**MATERIAL TO PROCESS**:
------
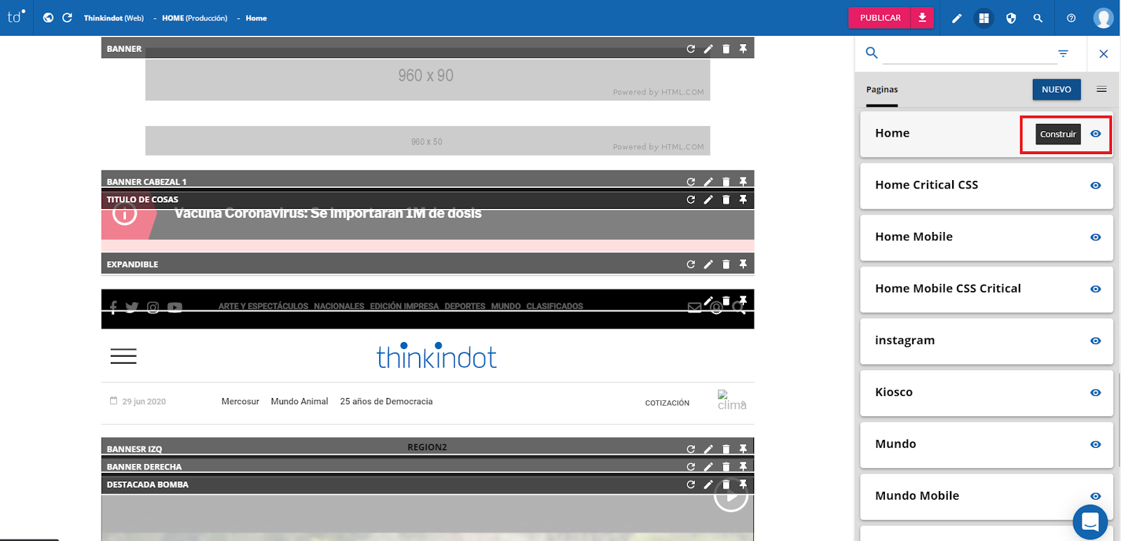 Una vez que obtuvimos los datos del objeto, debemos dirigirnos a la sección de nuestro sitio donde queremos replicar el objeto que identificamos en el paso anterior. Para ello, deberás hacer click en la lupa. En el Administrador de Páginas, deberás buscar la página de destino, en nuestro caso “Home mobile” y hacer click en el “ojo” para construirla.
------
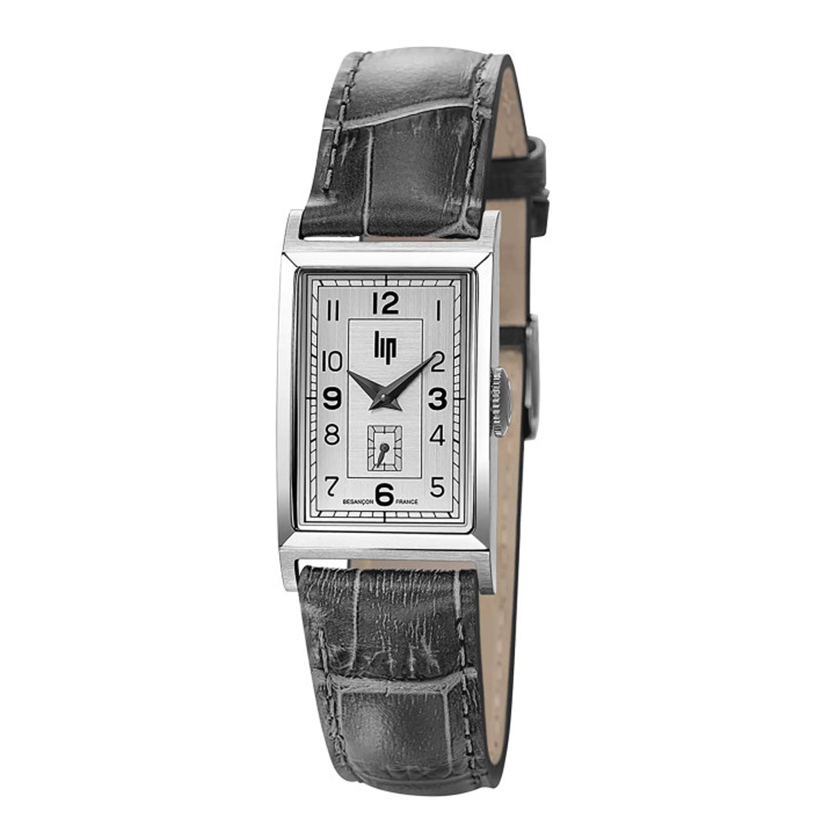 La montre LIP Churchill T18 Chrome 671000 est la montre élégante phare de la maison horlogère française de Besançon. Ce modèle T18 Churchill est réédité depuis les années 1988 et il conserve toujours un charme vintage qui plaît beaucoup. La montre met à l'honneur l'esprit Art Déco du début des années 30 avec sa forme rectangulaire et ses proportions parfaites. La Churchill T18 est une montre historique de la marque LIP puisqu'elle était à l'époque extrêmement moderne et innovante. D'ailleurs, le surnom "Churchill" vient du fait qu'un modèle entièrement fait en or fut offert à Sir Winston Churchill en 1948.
------
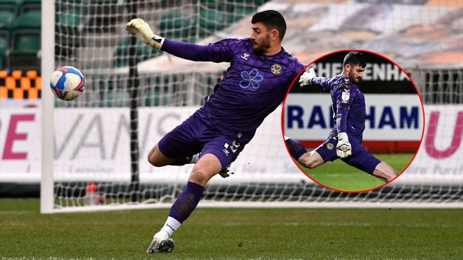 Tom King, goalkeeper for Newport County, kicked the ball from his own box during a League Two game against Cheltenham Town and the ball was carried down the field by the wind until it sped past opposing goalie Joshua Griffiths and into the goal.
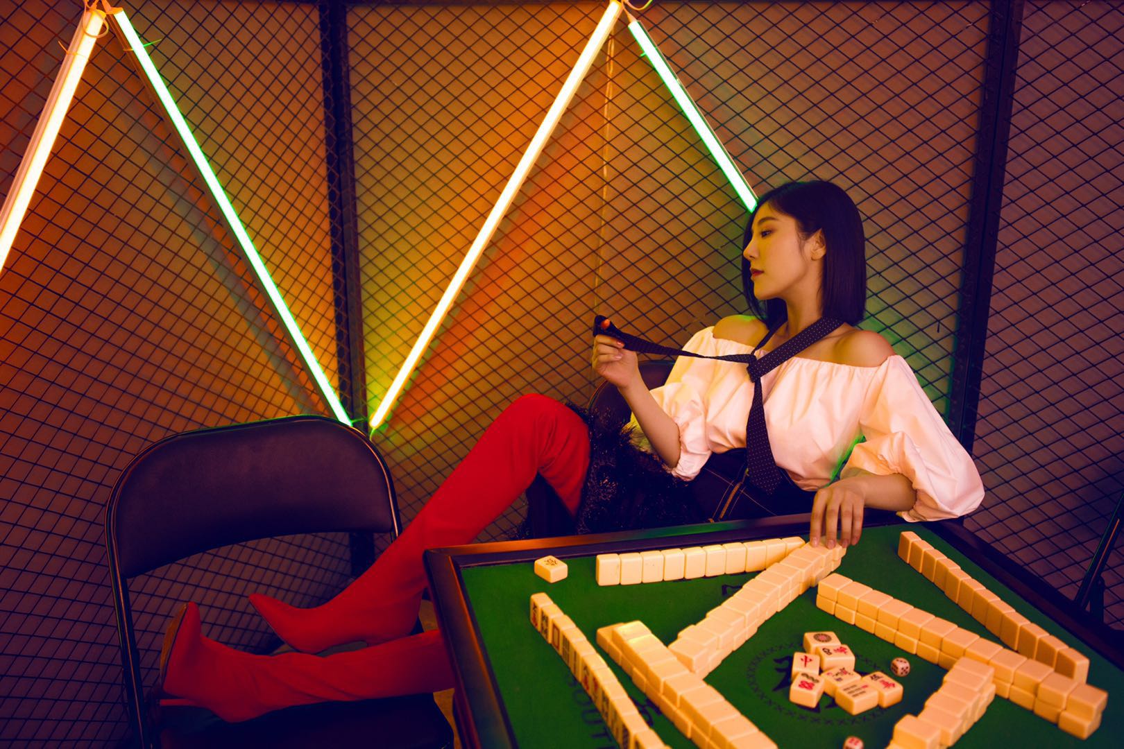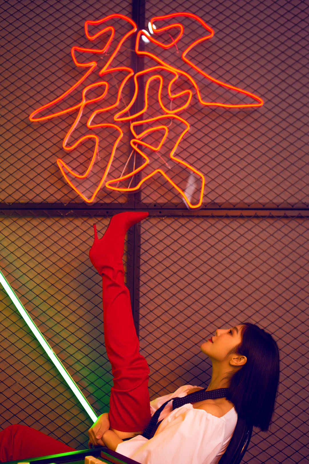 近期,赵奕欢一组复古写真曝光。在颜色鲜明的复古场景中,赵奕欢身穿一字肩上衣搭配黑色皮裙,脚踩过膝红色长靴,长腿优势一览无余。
------
**REQUIREMENT**: Keep to the lines above from the line with "Tom King, goalkeeper" to the line with "近期,赵奕欢一组复古写真曝光", and set down exactly those, inclusive, with nothing else and every picture left out.

**RESULT OF THE EXERCISE**:
 Tom King, goalkeeper for Newport County, kicked the ball from his own box during a League Two game against Cheltenham Town and the ball was carried down the field by the wind until it sped past opposing goalie Joshua Griffiths and into the goal.
 近期,赵奕欢一组复古写真曝光。在颜色鲜明的复古场景中,赵奕欢身穿一字肩上衣搭配黑色皮裙,脚踩过膝红色长靴,长腿优势一览无余。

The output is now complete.